Prima e dopo la crisi

venerdì 15 Febbraio 2019

Tra il 1885 e il 1887 furono pubblicati a Parigi Guerra e pace, Anna Karenina, Infanzia e Adolescenza, Polikuska, La morte di Ivan Il’ič, le novelle del Caucaso e i racconti popolari. In pochi mesi, in poche settimane, si svelava ai nostri occhi l’opera di tutta una grande vita, in cui si riflettevano un popolo e un mondo nuovi /…/
Questi libri furono per noi quello che il Werther fu per la generazione precedente: lo specchio magnifico delle nostre capacità e delle nostre debolezze, delle nostre speranze e dei nostri terrori.
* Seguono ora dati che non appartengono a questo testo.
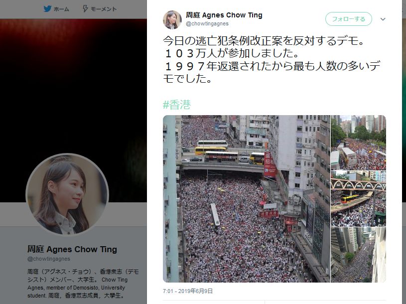 https://twitter.com/chowtingagnes/status/1140158175674433536返還の時にデモして返還させないようにしたら良かったのに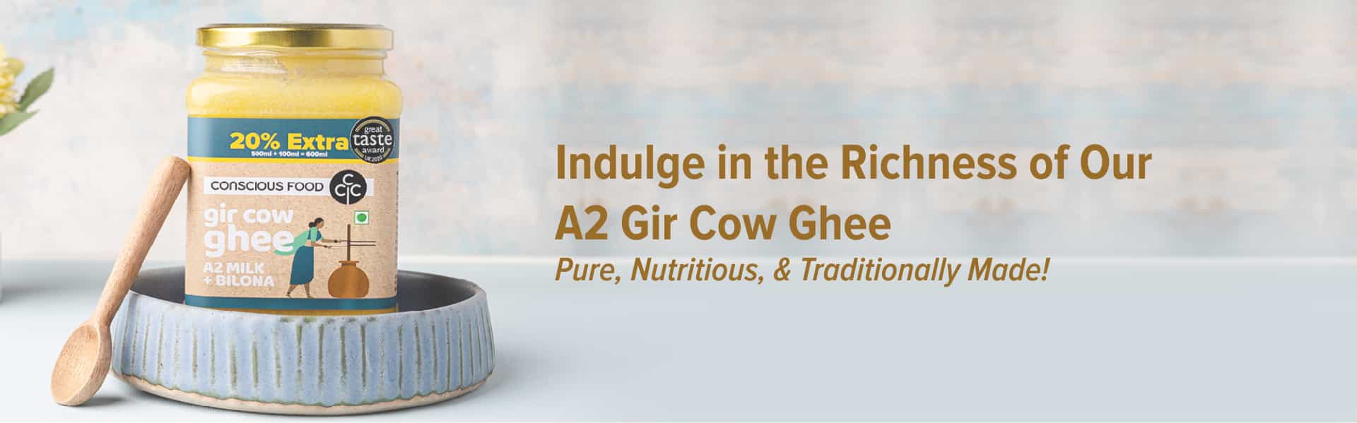 A2 Cow Ghee is the superior ghee which is delicious in taste. A2 Cow Ghee when consumed daily, can improve your digestion and heart health. A2 Cow Ghee is gluten-free, healthy, easy to digest, and boosts your immunity. Moreover, high smoke point ensures that you can use it in almost all food preparations.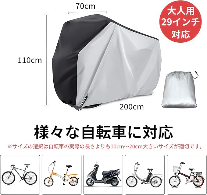 自転車カバー 厚手 丈夫 破れにくい 防水 サイクルカバー 200x110x70cm 大人用 29インチ対応 210D 防犯 防風 鍵穴盗難防止 雨雪対応き 風飛び防止 ロックホール 収納袋付き (シルバー, XLサイズ1点)

Noi non ci preoccupavamo di accordare tutte queste contraddizioni, né soprattutto di fare entrare quell’anima multipla, in cui risuonava l’universo, in anguste categorie religiose o politiche, come hanno fatto quasi tutti quelli che, in questi ultimi tempi, hanno parlato di Tolstoj, incapaci di sciogliersi dalla lotta dei partiti, abbassando il livello delle loro passioni, alla stregua delle loro sette socialiste o clericali. Come se le nostre sette potessero dare la misura del genio!… E cosa m’importa che Tolstoj sia o no del mio partito? Cerco forse di quale partito fossero Dante e Shakespeare per respirare il loro soffio e assorbire la loro luce?
Noi non dicevamo, come i critici d’oggi: «Ci sono due Tolstoj, quello prima della crisi e quello dopo la crisi; uno è valido, l’altro no». Per noi non ne esisteva che uno e lo amavano interamente. Poiché sentivamo, per istinto, che in anime come quella tutto è coerente, tutto è unito.

[Romain Rolland, Tolstoj, traduzione di Giulia Passalacqua, Roma, Castelvecchi 2014, pp. 7-9]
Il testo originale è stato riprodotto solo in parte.